How I Learned to Listen to My Body

Tamera Mowry

The past year I have been dealing with a pretty frustrating injury. No matter what I did, my back never seemed to get better. After countless doctors’ visits, and trying different courses of treatment, I found myself half way down a very long road, with what felt like no end in sight. I know I’m not alone, and I’m sure many of you can relate to the total frustration of going from being very healthy and physically fit, to suddenly unable to live your life the way you are used to (I couldn’t even pick up my daughter).

I’m happy to report that today, I am finally starting to feel like I am on the mend, and have found the right treatment plan for me. As frustrating as this journey has been, there are a few blessings that have come out of it (as there always are). First off, I overhauled my diet quite a bit to eliminate any inflammation causing foods (I wrote about that last week), and that made a big difference for my overall health and energy. Second, and what I want to talk about today with you guys, is that I also learned how to really listen to my body.

It sounds simple enough, and we get told to do it all the time — Every time I take a workout class, or read something about meditation or mindfulness, I hear statements like ‘listen to your body, it knows what it needs’. I’ll be honest with you guys, I thought I understood what that meant … Things like knowing when you’re tired, or hungry or need to exercise — And while those needs are real too, I have learned that listening to your body goes much deeper than that.

Despite working with different doctors and physical therapists, my back wasn’t improving, and my pain was increasing. I began to get really discouraged and frustrated. Anyone who has experienced prolonged pain will attest to the fact that after a while, you get to the end of your rope! Living with pain day in and day out, all while trying to keep up with your responsibilities, becomes very tiring both physically and mentally.

It was at this point of exhaustion and frustration that I decided I had enough. Something wasn’t right, and I didn’t understand why I wasn’t getting better. I made the conscious decision that I was going to get to the bottom of this injury, and figure out what the heck was going on — The only problem was that I had no idea what the heck was going on.
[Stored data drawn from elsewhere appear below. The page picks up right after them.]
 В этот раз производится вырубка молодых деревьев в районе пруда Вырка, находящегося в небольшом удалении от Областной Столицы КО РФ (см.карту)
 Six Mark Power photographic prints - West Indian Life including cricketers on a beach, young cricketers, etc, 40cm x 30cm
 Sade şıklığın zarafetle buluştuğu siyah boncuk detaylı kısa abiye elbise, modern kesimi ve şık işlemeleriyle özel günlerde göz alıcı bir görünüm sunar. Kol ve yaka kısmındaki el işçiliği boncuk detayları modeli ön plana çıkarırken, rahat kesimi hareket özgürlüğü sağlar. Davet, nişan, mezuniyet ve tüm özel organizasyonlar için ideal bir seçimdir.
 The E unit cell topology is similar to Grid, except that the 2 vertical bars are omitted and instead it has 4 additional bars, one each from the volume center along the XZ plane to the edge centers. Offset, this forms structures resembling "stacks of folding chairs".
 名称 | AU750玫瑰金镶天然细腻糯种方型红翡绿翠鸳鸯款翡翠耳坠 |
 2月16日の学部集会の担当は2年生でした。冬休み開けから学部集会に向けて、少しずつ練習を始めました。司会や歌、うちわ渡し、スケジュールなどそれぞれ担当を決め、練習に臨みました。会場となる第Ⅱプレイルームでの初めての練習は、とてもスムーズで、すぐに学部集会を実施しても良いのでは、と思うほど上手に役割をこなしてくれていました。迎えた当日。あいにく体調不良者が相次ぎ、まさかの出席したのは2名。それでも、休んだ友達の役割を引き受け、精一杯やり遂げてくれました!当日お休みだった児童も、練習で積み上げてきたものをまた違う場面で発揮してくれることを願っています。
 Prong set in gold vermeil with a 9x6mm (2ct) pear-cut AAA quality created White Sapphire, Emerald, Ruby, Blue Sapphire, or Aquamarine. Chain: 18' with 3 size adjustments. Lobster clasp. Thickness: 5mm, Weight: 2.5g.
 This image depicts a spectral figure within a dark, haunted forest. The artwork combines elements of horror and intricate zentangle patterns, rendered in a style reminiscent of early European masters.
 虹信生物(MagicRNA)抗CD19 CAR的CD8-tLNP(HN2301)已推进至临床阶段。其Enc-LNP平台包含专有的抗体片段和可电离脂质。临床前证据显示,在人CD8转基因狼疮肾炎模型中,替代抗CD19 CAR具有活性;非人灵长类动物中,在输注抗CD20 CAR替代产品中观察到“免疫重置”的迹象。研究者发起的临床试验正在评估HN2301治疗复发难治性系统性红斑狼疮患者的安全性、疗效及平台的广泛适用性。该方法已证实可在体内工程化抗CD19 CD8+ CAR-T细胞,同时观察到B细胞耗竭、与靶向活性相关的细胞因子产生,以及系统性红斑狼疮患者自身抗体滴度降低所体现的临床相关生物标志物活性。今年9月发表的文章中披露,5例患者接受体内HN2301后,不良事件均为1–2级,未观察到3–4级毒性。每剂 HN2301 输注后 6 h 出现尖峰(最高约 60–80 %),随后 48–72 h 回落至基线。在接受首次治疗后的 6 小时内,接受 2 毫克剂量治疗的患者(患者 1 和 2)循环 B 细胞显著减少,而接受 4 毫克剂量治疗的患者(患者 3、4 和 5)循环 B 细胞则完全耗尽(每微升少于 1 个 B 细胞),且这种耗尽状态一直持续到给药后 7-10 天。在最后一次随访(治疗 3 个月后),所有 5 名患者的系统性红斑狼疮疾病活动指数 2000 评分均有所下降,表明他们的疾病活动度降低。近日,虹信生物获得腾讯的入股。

I decided to start by getting really clear on how the injury was affecting me, and noticing everything about my body, and specifically, my pain …. I mean, like take notes on how do I feel at all times of the day, kind of noticing. As someone who doesn’t like to complain, I have to say this was a lot harder than it sounds. What really jumped out at me though during this process was that I had a gut instinct all along about what was and wasn’t working for my body.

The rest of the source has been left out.